Addressing the challenge of balancing security and efficiency when deploying machine learning systems in untrusted environments, such as federated learning, remains a critical concern. A promising strategy to tackle this issue involves optimizing the performance of fully homomorphic encryption (HE). Recent research highlights the efficacy of advanced caching techniques, such as Rache, in significantly enhancing the performance of HE schemes without compromising security. However, Rache is constrained by an inherent limitation: its performance overhead is heavily influenced by the characteristics of plaintext models, specifically exhibiting a caching time complexity of $\mathcal{O}(N)$, where $N$ represents the number of cached pivots based on specific radixes. This caching overhead becomes impractical for handling large-scale data.
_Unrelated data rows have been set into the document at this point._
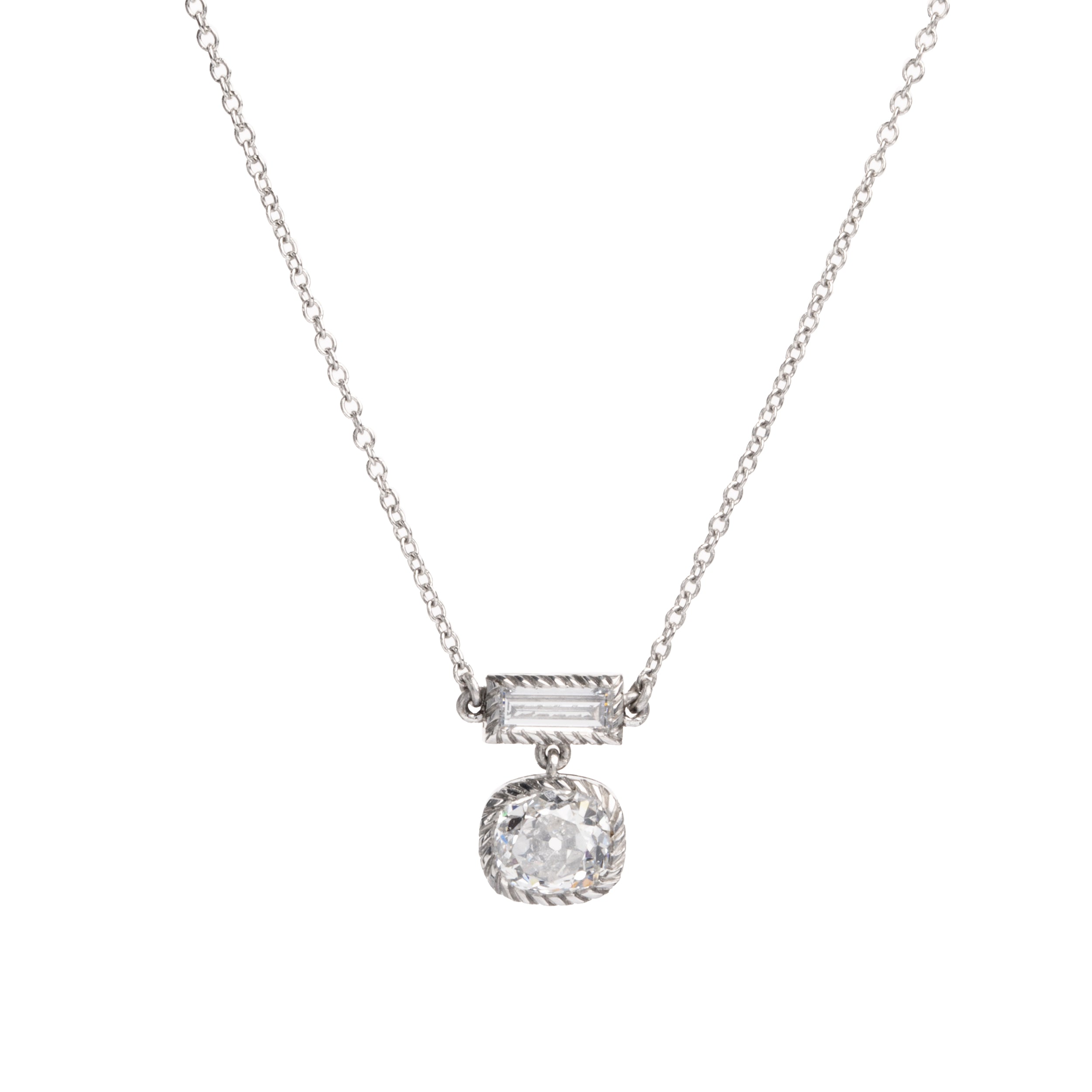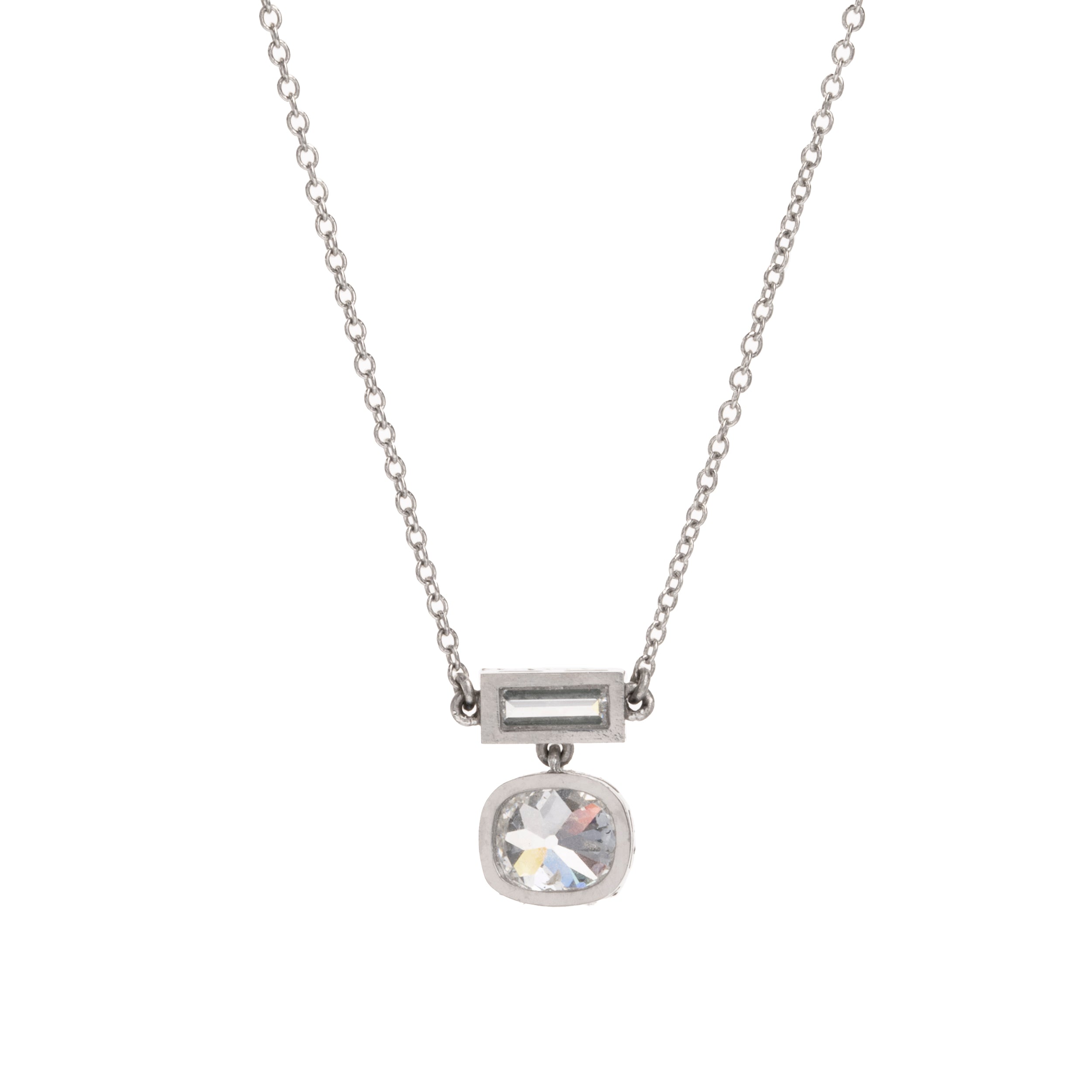 This diamond pendant features an old mine cut and baguette diamond. The old mine cut weighs approximately .89 carats, and the vintage baguette diamond weighs approximately .23 carats. Set in a delicate miligrain-edged setting that is hand-fabricated in platinum.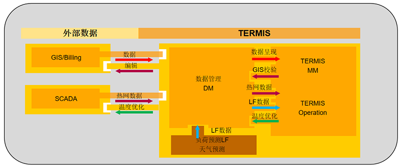 • TERMIS仿真數(shù)據(jù):供/回水溫度、供/回水壓力、瞬時熱負(fù)荷。• 現(xiàn)場級數(shù)據(jù)采集:SCADA。
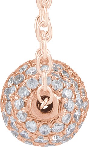 14K Rose .375 CTW Diamond Pave 6 mm Ball 16 to 18 inch Necklace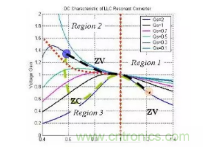 LLC諧振轉(zhuǎn)換器的工作范圍受限于峰值增益。值得注意的是,峰值電壓增益既不發(fā)生在fr1處 ,也不出現(xiàn)在 fr2處。峰值增益對(duì)應(yīng)的峰值增益頻率是fr2與fr1之間的最大頻率。隨著Q值減?。S著負(fù)載減?。?,峰值增益頻率移向fr2,并且獲得更高的峰值增益。隨著Q值增加(負(fù)載增加),峰值增益頻率移向fr1,峰值增益下降。因此,滿載應(yīng)該是諧振網(wǎng)絡(luò)設(shè)計(jì)的最差工作條件。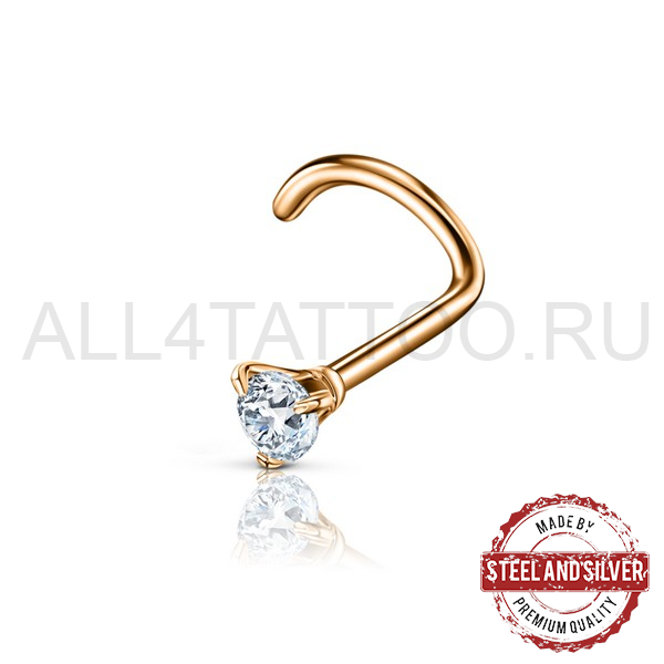 Нострил из хирургической стали 316L с PVD покрытием из 24х каратного золота.Украшен прозрачным кристаллом Cubic Zirconia.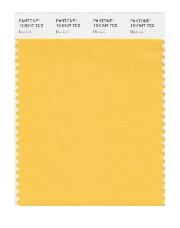 Banana is a medium-toned color from the Pantone TCX collection, identified by the code 13-0947 TCX. This warm tone with its vibrant and bold character makes it an excellent choice for luxury branding, premium products, and elegant accents.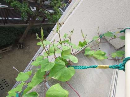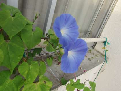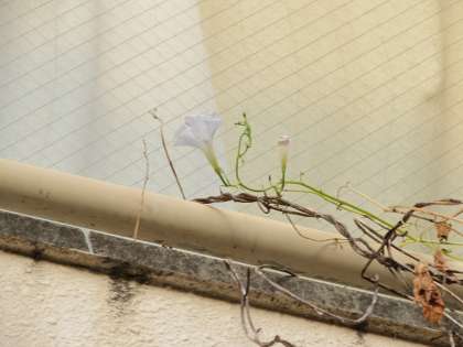東校舎の外側、1年生の教室の窓の上に、季節外れとも思えるアサガオの花が咲いています。5月の初めに種を蒔いたのですが、その後、エアコンの取り付け工事が始まり、外壁に足場を組んだために、忘れられた存在になっていました。それが、夏も終わり、秋が深まってきた今、涼しげな花を咲かせています。数は少ないのですが、空に向かってひっそりと、青い花が咲いています。それぞれヘブンリーブルー(画像上)、フライングソーサー(画像中)という名前です。つぼみもたくさんあるので、もうしばらく花の美しさを楽しめそうです。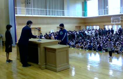 各学年代表1名が、1年間の成長の証である修了証を校長先生から頂きました。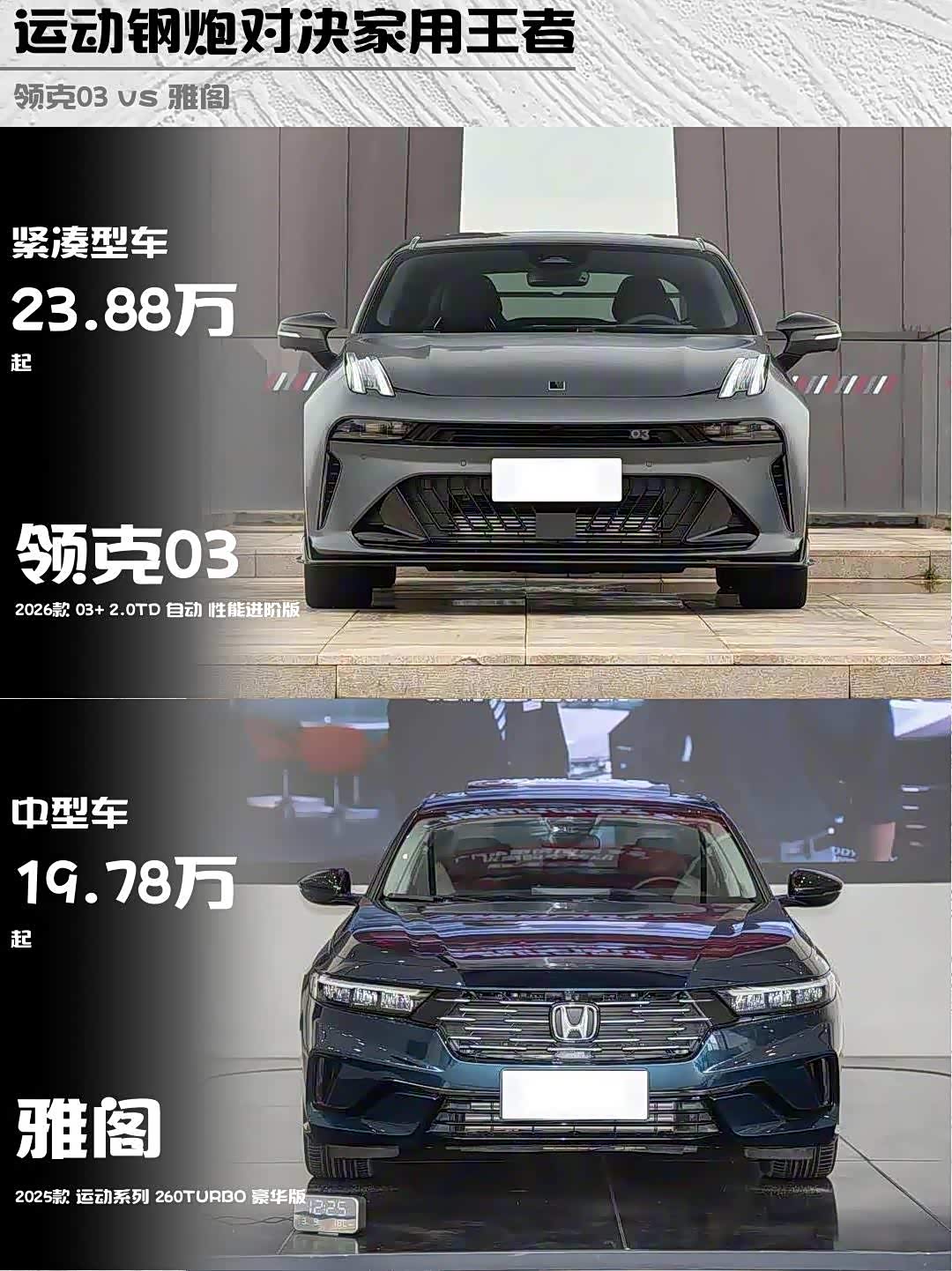 最近试驾了两台风格截然不同的车——2026款 领克03(参数|询价)+ 2.0TD性能进阶版和2025款雅阁260TURBO豪华版,一个国产性能小钢炮,一个日系经典B级车,真的让我纠结到爆!🔥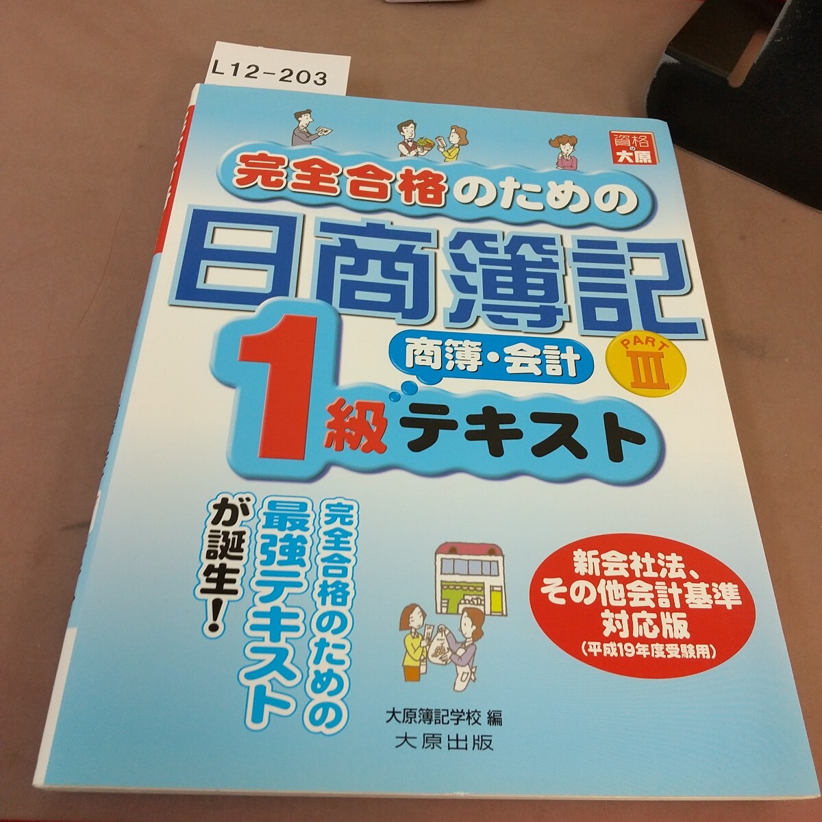 - L12-203 完全合格のための 日商簿記1級 商簿・会計 PARTⅢ テキスト 大原簿記学校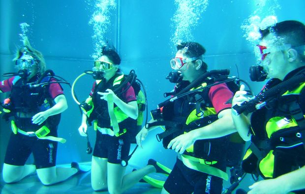 Nach einer Begrüßung und dem Kennenlernen der anderen Taucher bekommst du eine theoretische und praktische Einführung von einem erfahrenen Instruktor. Vom Profi lernst du die Grundregeln des Tauchens, die richtige Atemtechnik und wie du mit den anderen Tauchern unter Wasser kommunizieren kannst. An den zwei Tagen, die du im Rothsee verbringst, warten auf dich 5 Tauchgänge mit verschiedenen Themen. Das Tieftauchen und die Unterwassernavigation stehen dabei an erster Stelle und die 3 weiteren Tauchgänge stehen dir frei zur Wahl. Dabei wirst du immer von deinem Tauchlehrer begleitet, der dir viele Tipps zum Tauchen gibt.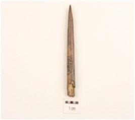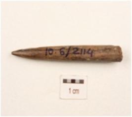 | Description / विवरण | Bone point, proximal end broken, sharp pointed end, smooth and polished surface round section. |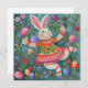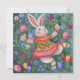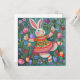 Joyeux Pâques ! Un joyeux lapin de Pâques danse en fleurs avec des oeufs décorés.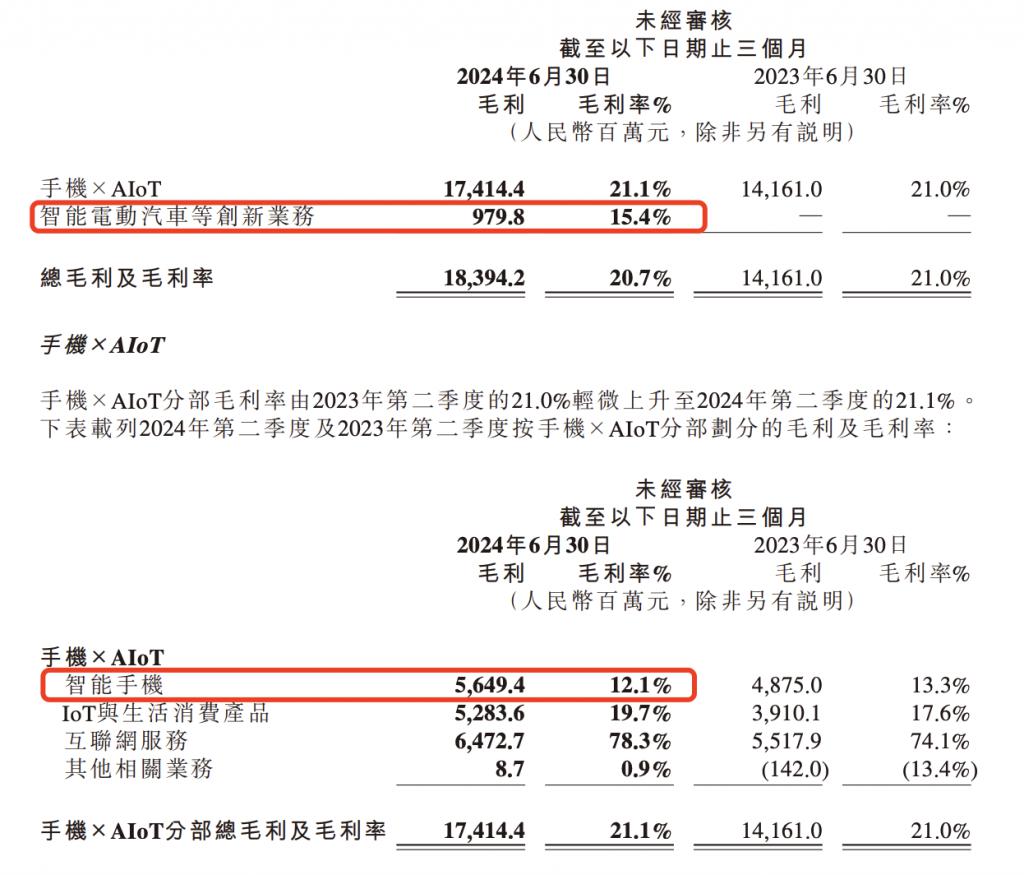 而随着财报发布,最大的惊喜来自于汽车业务毛利率的披露。在上市交付的第一个季度里,小米汽车业务的毛利率就达到了 15.4%。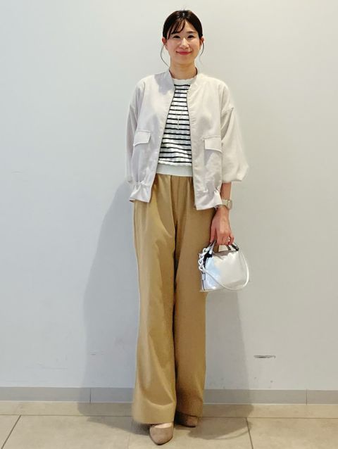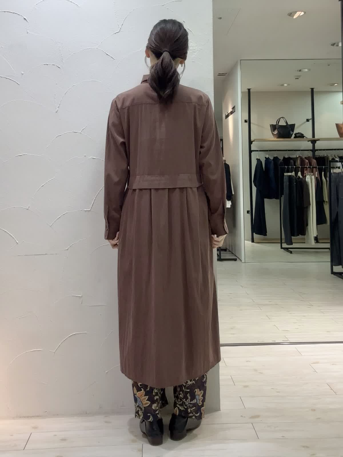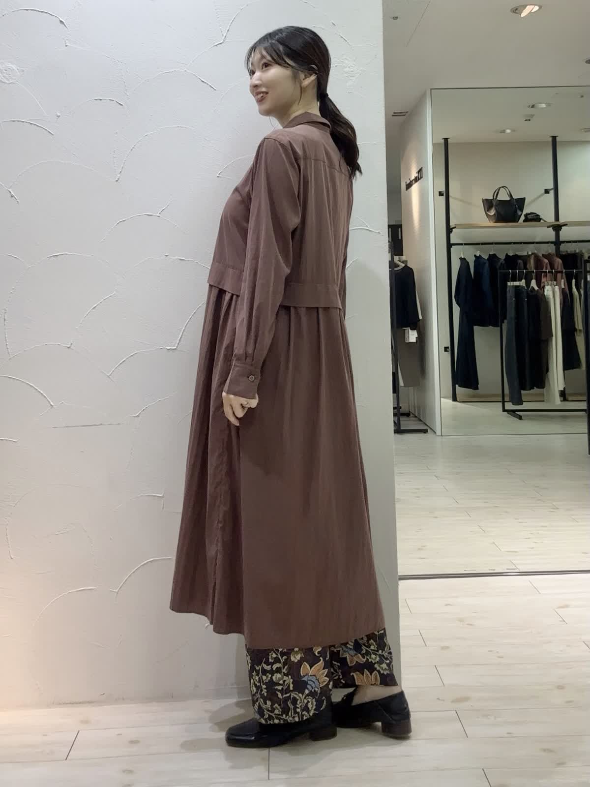【着用サイズ】ワンピース:9号 パンツ:9号 【着用カラー】ワンピース:ボルドー パンツ:ネイビー 秋先取りのリラックスコーデ。ワンピースがウエスト位置からギャザー仕様になっており、スタイルアップして着用できます。締め付け感がなく、一枚でもおしゃれに着こなせます。プリントパンツをレイヤードしてこなれ感のある雰囲気にしてみました。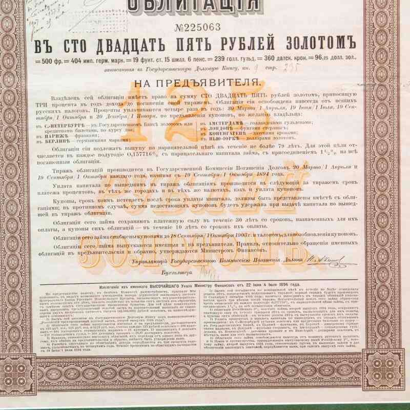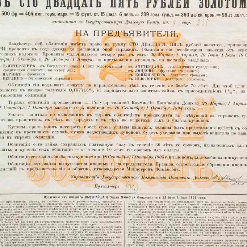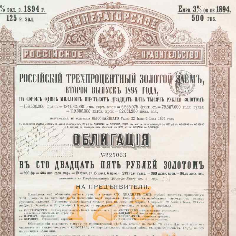 Этот финансовый документ был выпущен Императорским Российским правительством в период правления Александра III для привлечения капитала, в том числе иностранного.
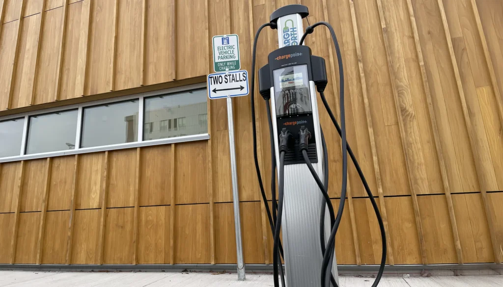 Curbside EV charging stations, typically located in the public right-of-way, provide charging that is accessible and available to the public. These stations are especially important in high-density areas and near multi-family buildings, where private parking and charging are limited.

In this study, we introduce a novel \textit{constant-time} caching technique that is independent of any parameters. The core concept involves applying scalar multiplication to a single cached ciphertext, followed by the introduction of a completely new and constant-time randomness. Leveraging the inherent characteristics of constant-time construction, we coin the term ``Smuche'' for this innovative caching technique, which stands for Scalar-multiplicative Caching of Homomorphic Encryption. We implemented Smuche from scratch and conducted comparative evaluations against two baseline schemes, Rache and CKKS. Our experimental results underscore the effectiveness of Smuche in addressing the identified limitations and optimizing the performance of homomorphic encryption in practical scenarios.

翻译：在不可信环境（如联邦学习）中部署机器学习系统时，平衡安全性与效率始终是核心挑战。一种有前景的解决方案是通过优化全同态加密（HE）性能来应对该问题。近期研究表明，Rache等高级缓存技术能在不牺牲安全性的前提下显著提升HE方案的性能。然而，Rache存在固有缺陷：其性能开销严重受明文模型特征影响，具体表现为基于特定基数的缓存时间复杂度为$\mathcal{O}(N)$（其中$N$为缓存枢轴数量）。这种缓存开销在处理大规模数据时变得不可实际。本研究提出了一种与任何参数无关的新型\textit{常数时间}缓存技术，核心思想是对单个缓存密文执行标量乘法运算，随后引入全新的常数时间随机性。基于常数时间构造的固有特性，我们将该创新缓存技术命名为"Smuche"（同态加密的标量乘法缓存）。我们从头实现了Smuche，并与Rache和CKKS两种基线方案进行了对比评估。实验结果证明了Smuche在解决上述局限性及优化实际场景中同态加密性能方面的有效性。